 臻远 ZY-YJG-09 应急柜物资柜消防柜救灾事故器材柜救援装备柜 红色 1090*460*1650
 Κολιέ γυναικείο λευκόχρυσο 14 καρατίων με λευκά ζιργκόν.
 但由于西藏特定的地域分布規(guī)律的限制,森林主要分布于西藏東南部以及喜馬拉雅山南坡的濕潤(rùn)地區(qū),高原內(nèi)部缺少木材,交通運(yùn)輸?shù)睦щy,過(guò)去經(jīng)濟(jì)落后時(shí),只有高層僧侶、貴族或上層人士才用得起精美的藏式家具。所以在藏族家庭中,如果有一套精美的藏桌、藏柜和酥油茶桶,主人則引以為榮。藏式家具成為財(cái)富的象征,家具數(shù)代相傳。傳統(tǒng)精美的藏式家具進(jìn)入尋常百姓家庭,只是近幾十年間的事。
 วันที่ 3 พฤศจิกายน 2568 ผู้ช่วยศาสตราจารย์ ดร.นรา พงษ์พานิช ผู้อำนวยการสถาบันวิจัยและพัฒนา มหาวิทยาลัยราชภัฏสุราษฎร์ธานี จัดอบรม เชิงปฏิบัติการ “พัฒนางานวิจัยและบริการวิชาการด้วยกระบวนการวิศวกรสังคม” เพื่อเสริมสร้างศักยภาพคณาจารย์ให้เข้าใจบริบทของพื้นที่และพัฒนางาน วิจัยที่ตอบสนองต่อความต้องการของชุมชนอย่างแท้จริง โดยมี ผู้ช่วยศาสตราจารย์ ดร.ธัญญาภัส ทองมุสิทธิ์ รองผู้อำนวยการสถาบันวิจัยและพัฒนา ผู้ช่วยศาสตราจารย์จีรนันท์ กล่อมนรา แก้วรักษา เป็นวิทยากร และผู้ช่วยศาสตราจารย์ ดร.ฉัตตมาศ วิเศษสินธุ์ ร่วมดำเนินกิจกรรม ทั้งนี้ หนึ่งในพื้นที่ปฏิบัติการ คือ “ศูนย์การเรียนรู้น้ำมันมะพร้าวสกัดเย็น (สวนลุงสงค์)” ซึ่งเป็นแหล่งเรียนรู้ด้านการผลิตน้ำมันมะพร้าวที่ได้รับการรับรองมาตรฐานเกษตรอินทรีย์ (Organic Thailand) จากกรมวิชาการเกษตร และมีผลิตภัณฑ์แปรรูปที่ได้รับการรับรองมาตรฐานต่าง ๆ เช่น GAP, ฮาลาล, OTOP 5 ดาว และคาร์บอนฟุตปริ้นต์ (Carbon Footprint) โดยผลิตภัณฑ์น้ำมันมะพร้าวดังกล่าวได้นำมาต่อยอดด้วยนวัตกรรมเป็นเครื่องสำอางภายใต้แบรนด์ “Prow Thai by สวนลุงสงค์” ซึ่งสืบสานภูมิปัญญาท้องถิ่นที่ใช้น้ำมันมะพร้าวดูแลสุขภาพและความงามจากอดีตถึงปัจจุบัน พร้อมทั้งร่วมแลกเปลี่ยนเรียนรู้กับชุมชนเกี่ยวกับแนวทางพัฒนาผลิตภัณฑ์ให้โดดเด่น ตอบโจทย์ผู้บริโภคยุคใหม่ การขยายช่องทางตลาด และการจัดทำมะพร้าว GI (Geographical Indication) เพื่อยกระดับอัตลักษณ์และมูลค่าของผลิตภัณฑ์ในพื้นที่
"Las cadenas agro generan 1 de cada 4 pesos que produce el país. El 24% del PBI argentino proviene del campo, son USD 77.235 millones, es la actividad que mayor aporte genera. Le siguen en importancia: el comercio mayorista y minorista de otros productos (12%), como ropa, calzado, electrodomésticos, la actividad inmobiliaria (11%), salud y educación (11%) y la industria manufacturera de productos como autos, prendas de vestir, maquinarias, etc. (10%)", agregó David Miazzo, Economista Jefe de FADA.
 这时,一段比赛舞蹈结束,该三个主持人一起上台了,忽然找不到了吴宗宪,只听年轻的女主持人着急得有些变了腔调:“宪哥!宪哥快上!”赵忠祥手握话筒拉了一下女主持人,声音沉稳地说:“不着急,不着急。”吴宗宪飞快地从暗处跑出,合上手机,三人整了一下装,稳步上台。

■ ■ ■

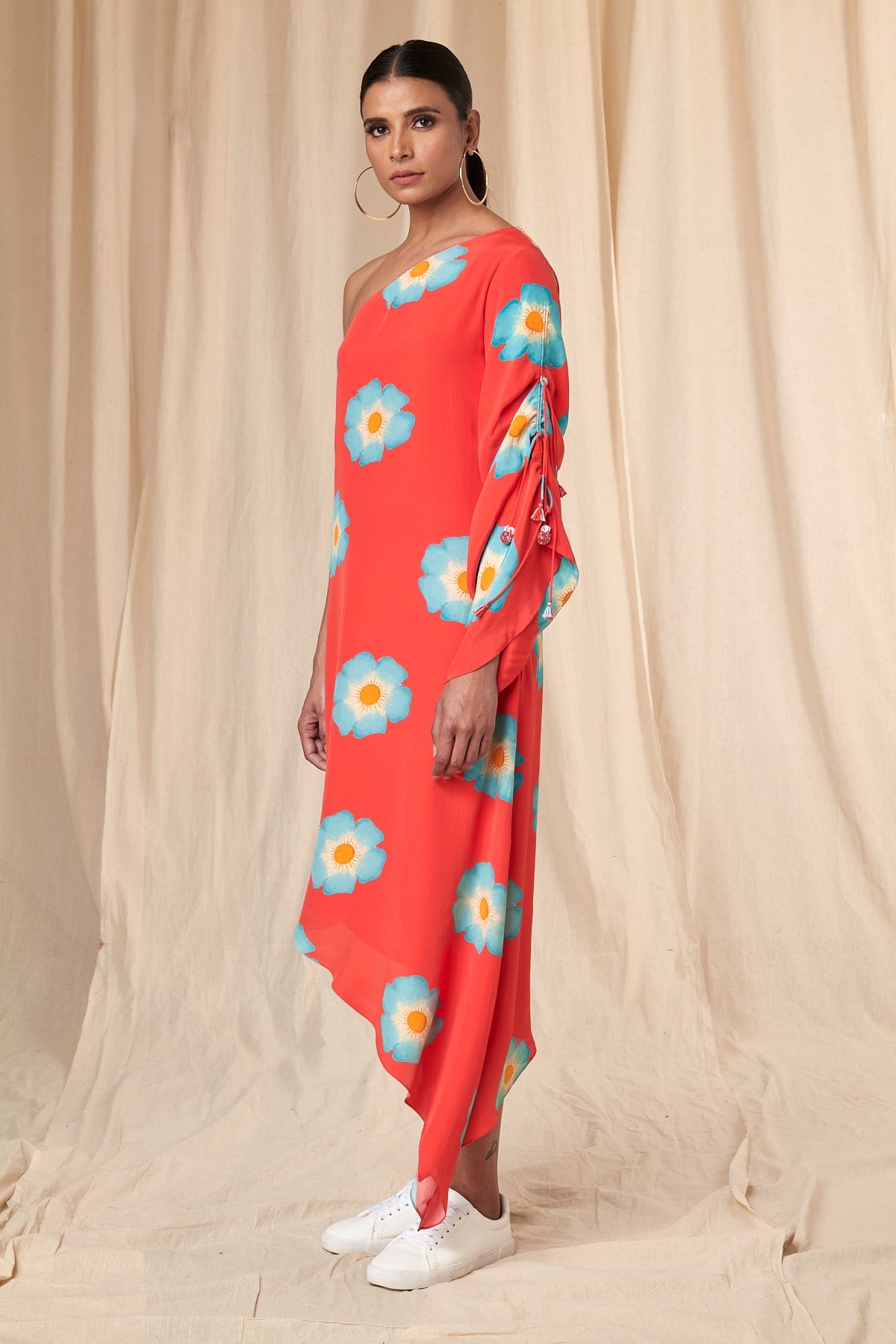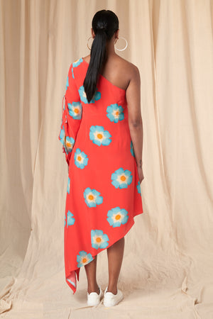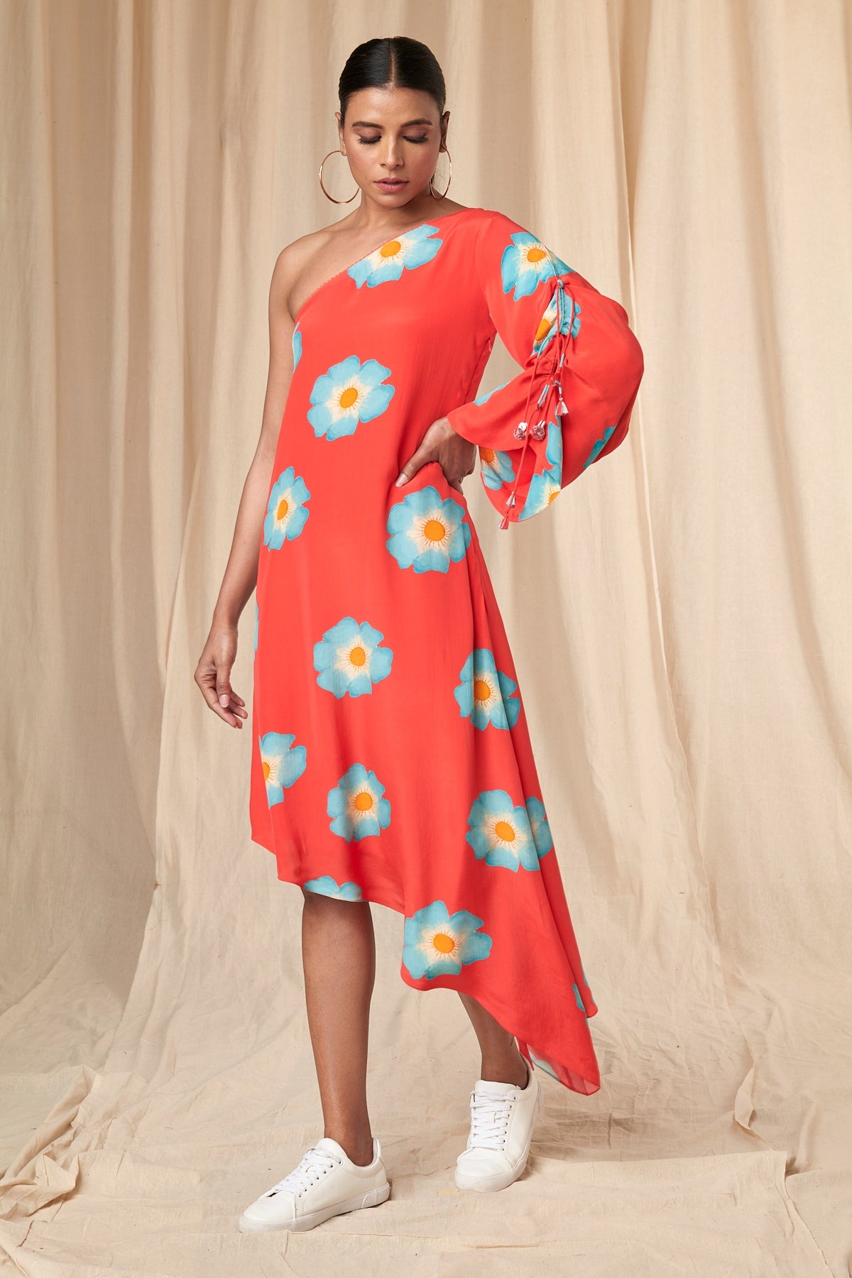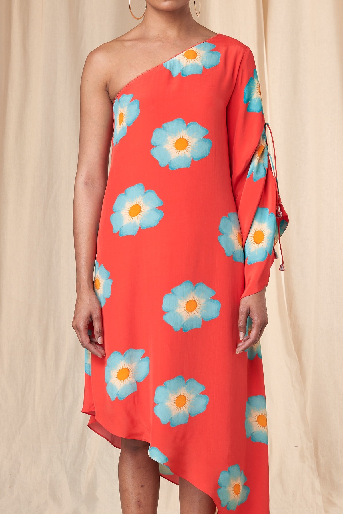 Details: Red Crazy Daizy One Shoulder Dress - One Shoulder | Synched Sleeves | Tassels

■ ■ ■

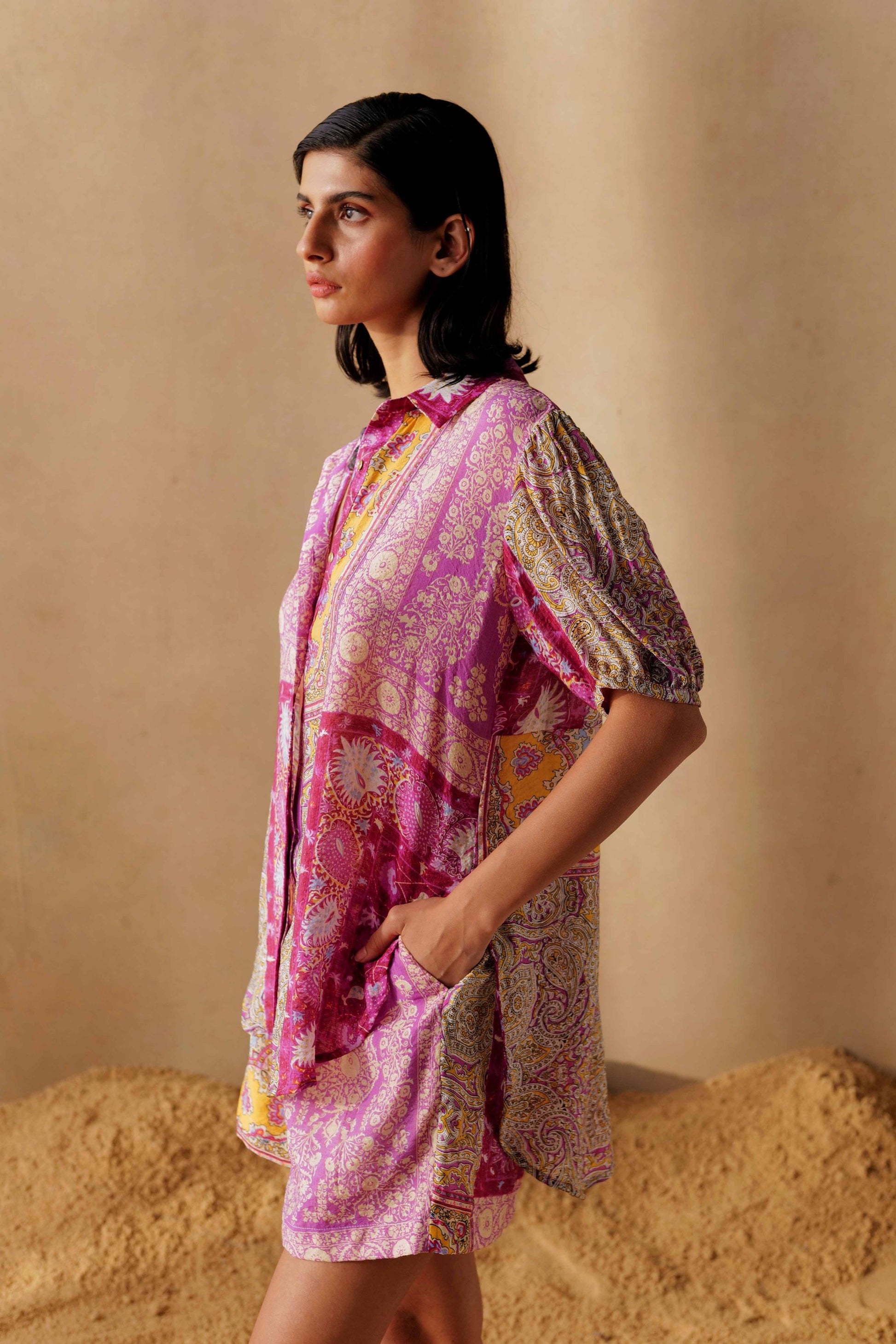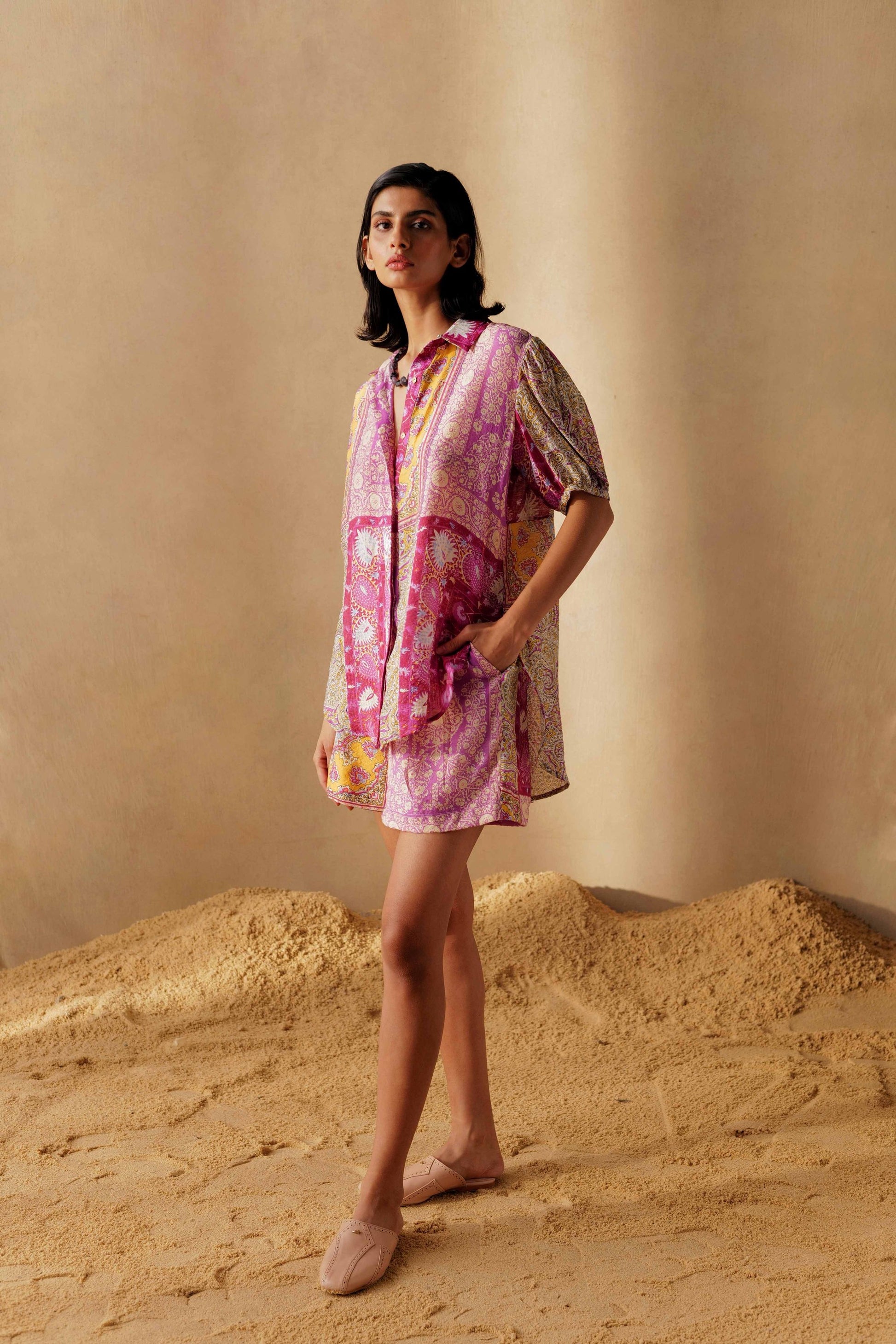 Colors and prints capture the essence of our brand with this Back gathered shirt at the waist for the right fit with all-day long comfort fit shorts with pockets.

■ ■ ■

For the material above, reproduce exactly the lines from the line with "臻远 ZY-YJG-09 应急柜物资柜消防柜救灾事故器材柜救援装备柜" to the line with "但由于西藏特定的地域分布規(guī)律的", inclusive, and exclude all others.

 臻远 ZY-YJG-09 应急柜物资柜消防柜救灾事故器材柜救援装备柜 红色 1090*460*1650
 Κολιέ γυναικείο λευκόχρυσο 14 καρατίων με λευκά ζιργκόν.
 但由于西藏特定的地域分布規(guī)律的限制,森林主要分布于西藏東南部以及喜馬拉雅山南坡的濕潤(rùn)地區(qū),高原內(nèi)部缺少木材,交通運(yùn)輸?shù)睦щy,過(guò)去經(jīng)濟(jì)落后時(shí),只有高層僧侶、貴族或上層人士才用得起精美的藏式家具。所以在藏族家庭中,如果有一套精美的藏桌、藏柜和酥油茶桶,主人則引以為榮。藏式家具成為財(cái)富的象征,家具數(shù)代相傳。傳統(tǒng)精美的藏式家具進(jìn)入尋常百姓家庭,只是近幾十年間的事。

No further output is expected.